• Work to complete: Would you return, word for word, the lines running from the one with "Die Registrierung erfolgt" to the final line of the listing below, pictures omitted?
'''
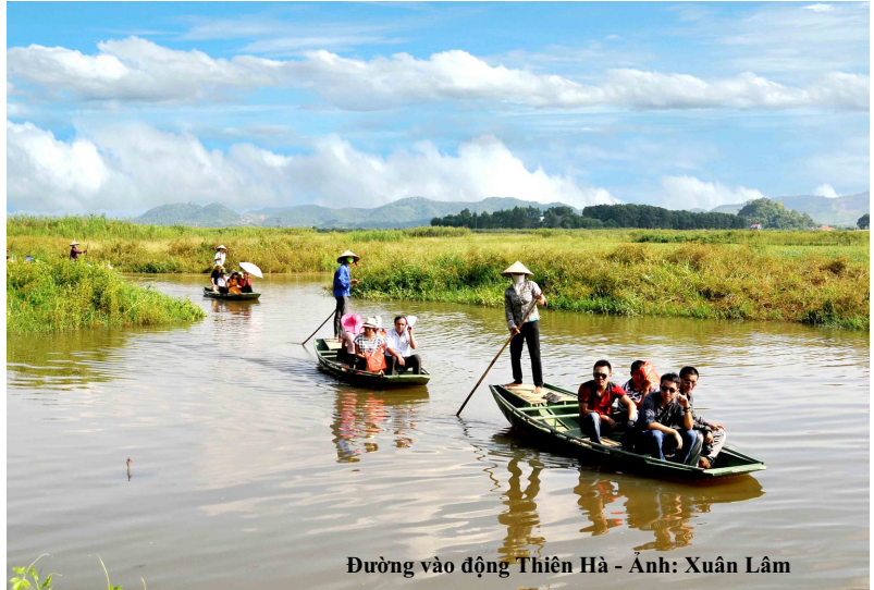
Đường vào động Thiên Hà

T háng 8 là thời điểm bước vào tiết lập Thu, thời tiết lúc này đã trở nên khá mát mẻ và dễ chịu. Thiên nhiên cảnh vật dường như cũng trở nên lãng mạn hơn. Có lẽ đây là khoảng thời gian tuyệt vời để du khách trải nghiệm một chuyến đi thú vị đến với những địa điểm lý tưởng ở Ninh Bình, một trong những hành trình ấy là đi tham quan động Thiên Hà.
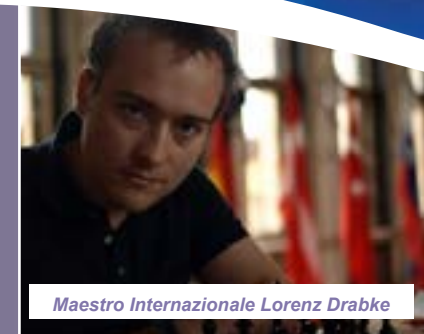
Maestro Internazionale Lorenz Drabke

Die Registrierung erfolgt in Form einer Eintragung über die Turnierwebsite ( http://www.salentochessopen.it ) und durch Zahlung der Registrierungsgebühr per Banküberweisung an Chess Projects ASD. Wenn Sie nicht beide erforderlichen Vorgänge abschließen, wird die Turnierregistrierung ungültig, die aber Am Spielstandort bis 14:00 Uhr unter Barzahlung zuzüglich des angeforderten Zuschlags ausgeführt werden kann.
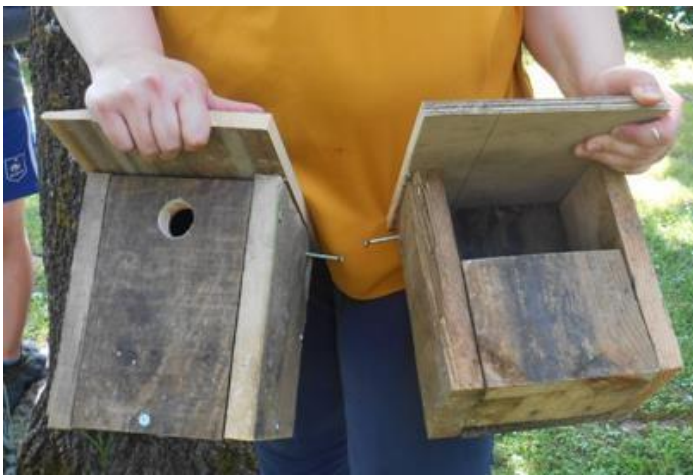
Les 2 nichoirs
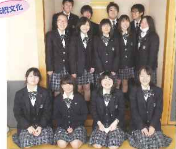
今年は甲冑作りにも挑戦し、政宗公まつりに参加します！
'''
• Expected answer:
Die Registrierung erfolgt in Form einer Eintragung über die Turnierwebsite ( http://www.salentochessopen.it ) und durch Zahlung der Registrierungsgebühr per Banküberweisung an Chess Projects ASD. Wenn Sie nicht beide erforderlichen Vorgänge abschließen, wird die Turnierregistrierung ungültig, die aber Am Spielstandort bis 14:00 Uhr unter Barzahlung zuzüglich des angeforderten Zuschlags ausgeführt werden kann.
Les 2 nichoirs
今年は甲冑作りにも挑戦し、政宗公まつりに参加します！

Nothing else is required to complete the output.